5. Impact, Challenges, and Future Directions
Efficiency and Scalability: PRISMA-DFLLM enables automation of screening, extraction, and synthesis, with documented reductions in labor and cycle times—e.g., pilot studies report screening time reductions from 12 to 4 hours per 1,000 records, with precision/recall above 95% (Susnjak, 2023). In non-profit healthcare synthesis, the adaptation ensures comparability across diverse organizational theory frames (Ongala et al., 10 Mar 2025).
Challenges: Persistent issues include file heterogeneity, fine-grained PDF-to-text processing, ambiguity in theory coding, legal restrictions (copyright), and AI-related risks (bias, hallucination). Alignment metrics and validation of automated extractions are highlighted as critical open areas.

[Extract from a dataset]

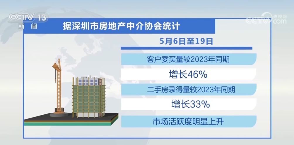 據深房中協(xié)統(tǒng)計,5月6日至19日,深圳市客戶委買量較2023年同期增長46%,二手房錄得量較2023年同期增長33%,市場活躍度明顯上升。
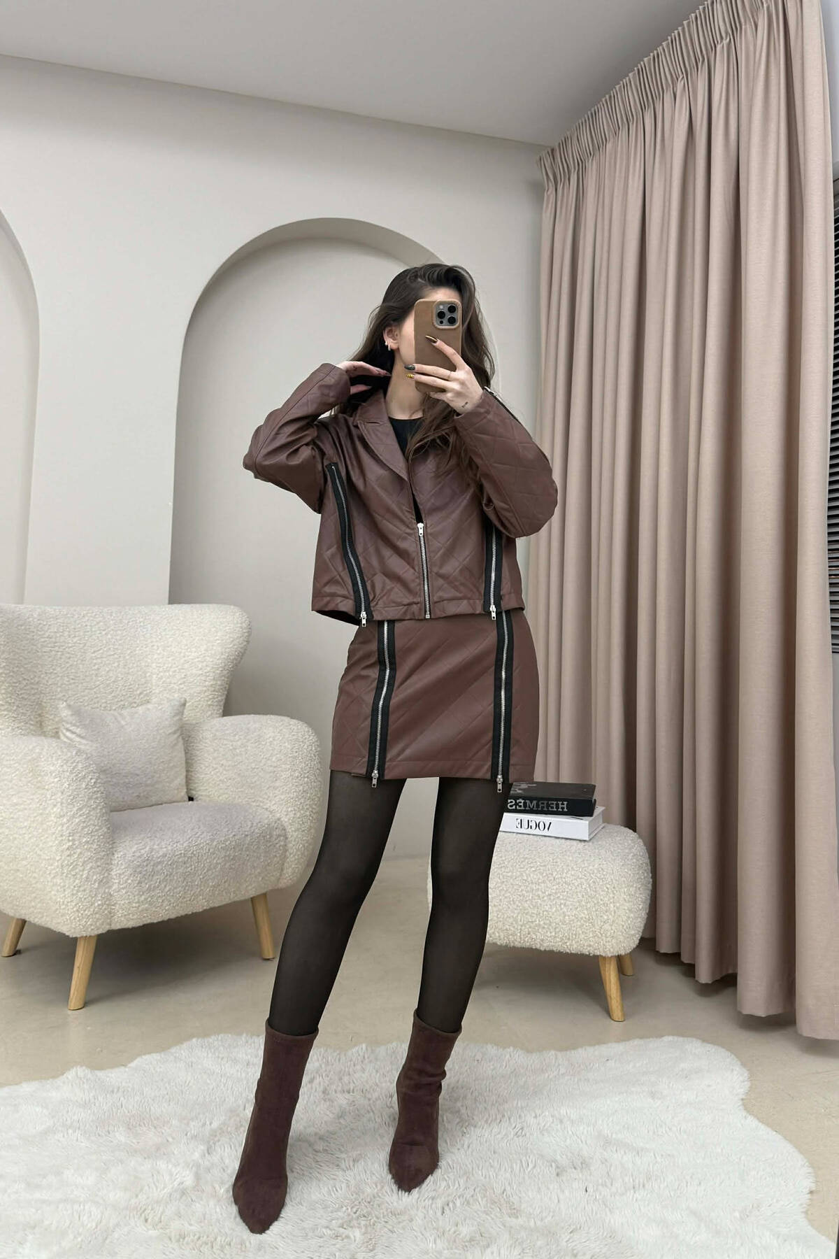 SET NJË NGJYRËSH PËR FEMRA NË NGJYRE KAFE TE ERRET

Future Directions: Adoption of modified PRISMA protocols—especially with embedded AI reporting—sets a precedent for living, incremental systematic reviews and transparent, open-source artifact sharing. This development is poised to influence adjacent reporting standards (e.g., CONSORT, STROBE) and expand reproducible evidence synthesis across computational and organizational research domains.

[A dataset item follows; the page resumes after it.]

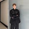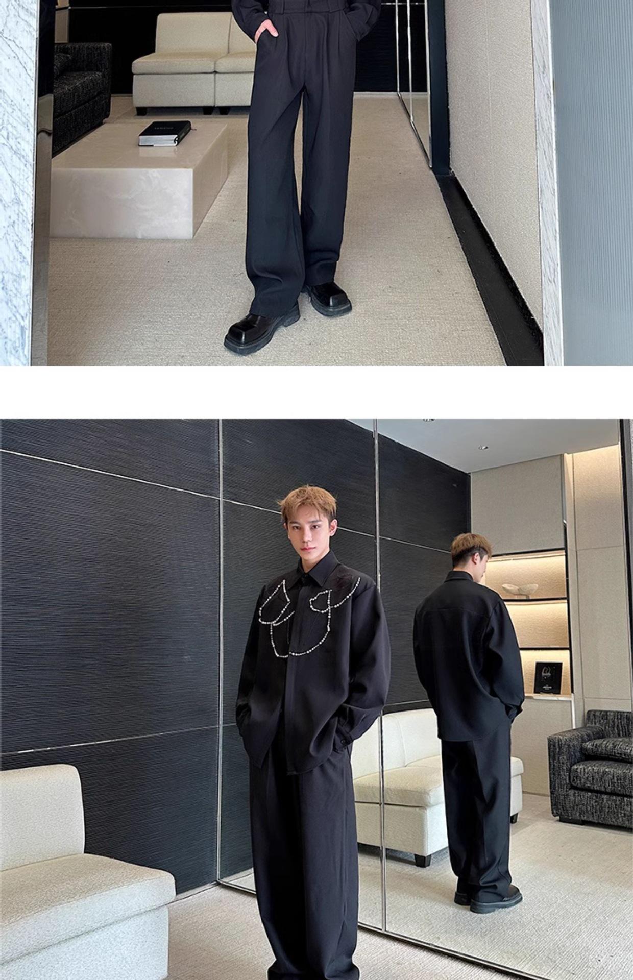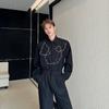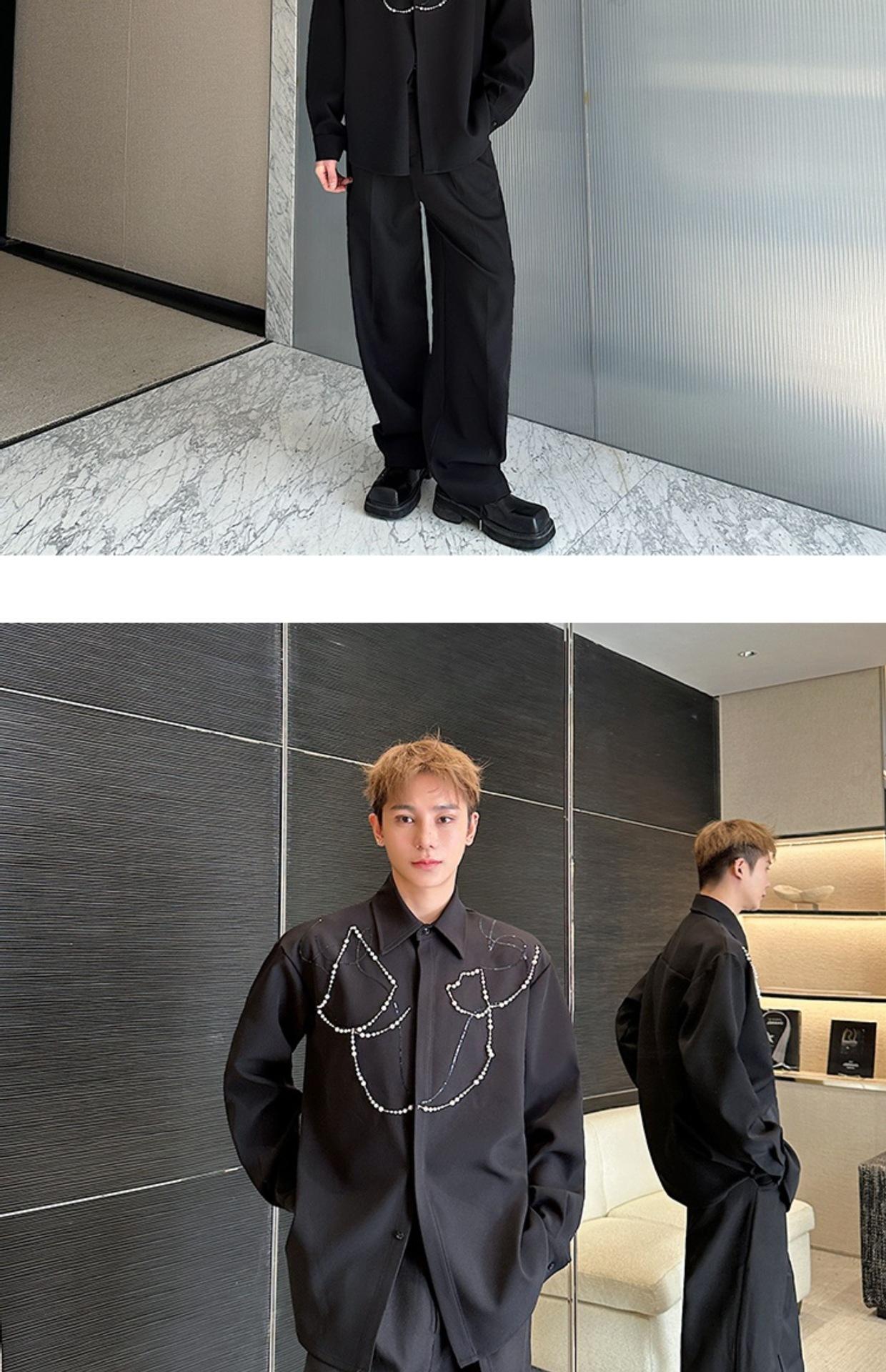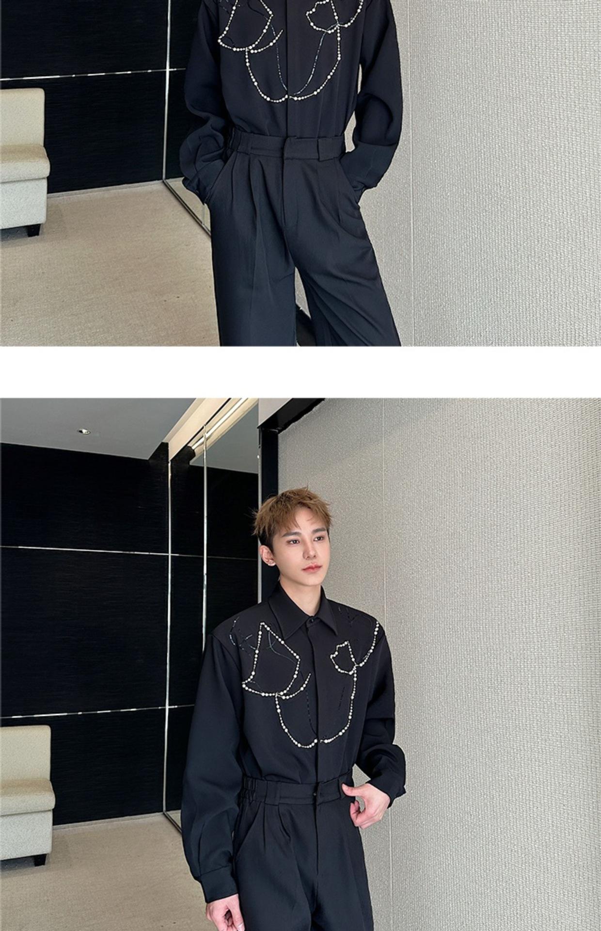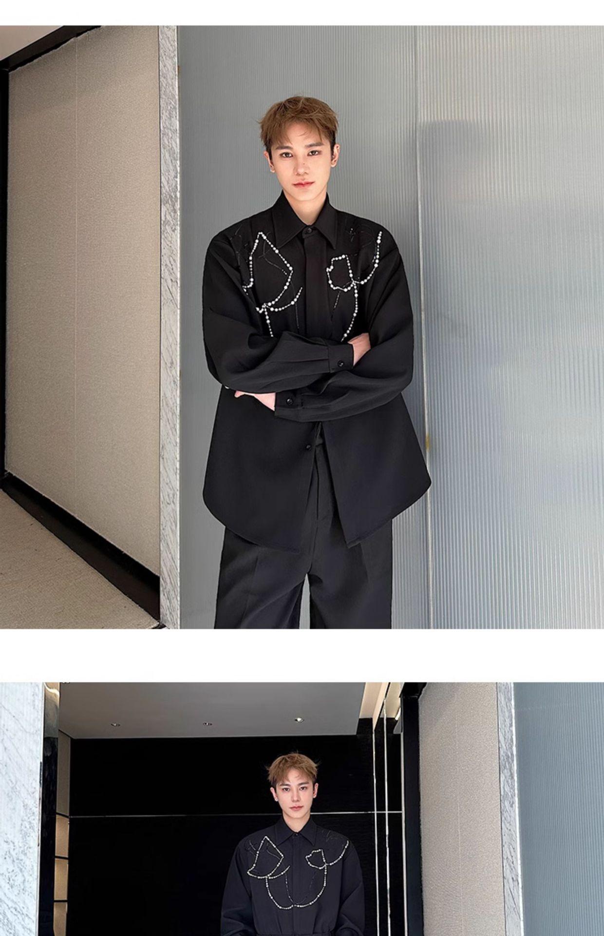 Primavera 2025 Nuevo Diseño Original de Alta Gama para Hombre Camisa de Manga Larga con Solapa de Lentejuelas y Cadena de Cuentas Hecha a Mano Trendy

6. Summary of Key Modifications
| Modification/Extension | Purpose | Reference |
|---|---|---|
| Theoretical Mapping | Ensures framework-based comparability | (Ongala et al., 10 Mar 2025) |
| Inter-rater Reliability Calculation | Documents reviewer consistency | (Ongala et al., 10 Mar 2025) |
| Quality and Risk-of-Bias Appraisal | Contextualizes heterogeneous evidence | (Ongala et al., 10 Mar 2025) |
| Dataset/Model Reporting Items | Full ML transparency and reproducibility | (Susnjak, 2023) |
| Living Review Process | Enable ongoing, incremental synthesis | (Susnjak, 2023) |
| Legal/Ethical Documentation | Mitigate risks of model harm or misuse | (Susnjak, 2023) |
These modifications define the new state-of-the-art in systematic review reporting and operational transparency when integrating advanced computational or theoretical methodologies.
7. Conclusion
Modified PRISMA protocols instantiate transparent, reproducible, and context-appropriate systematic review workflows equipped to manage heterogeneity—whether theoretical, technical, or computational. The dual cases of theory-driven scoping review in non-profit healthcare and LLM-powered SLRs exemplify this evolution, demanding precise theoretical mapping, explicit computational reporting, and rigorous assessment of quality, ethics, and reproducibility (Ongala et al., 10 Mar 2025, Susnjak, 2023). These frameworks collectively signal a transition toward systematic reviews that are not only more efficient but also auditable and adaptable to rapid advances across both organizational and machine learning-driven evidence domains.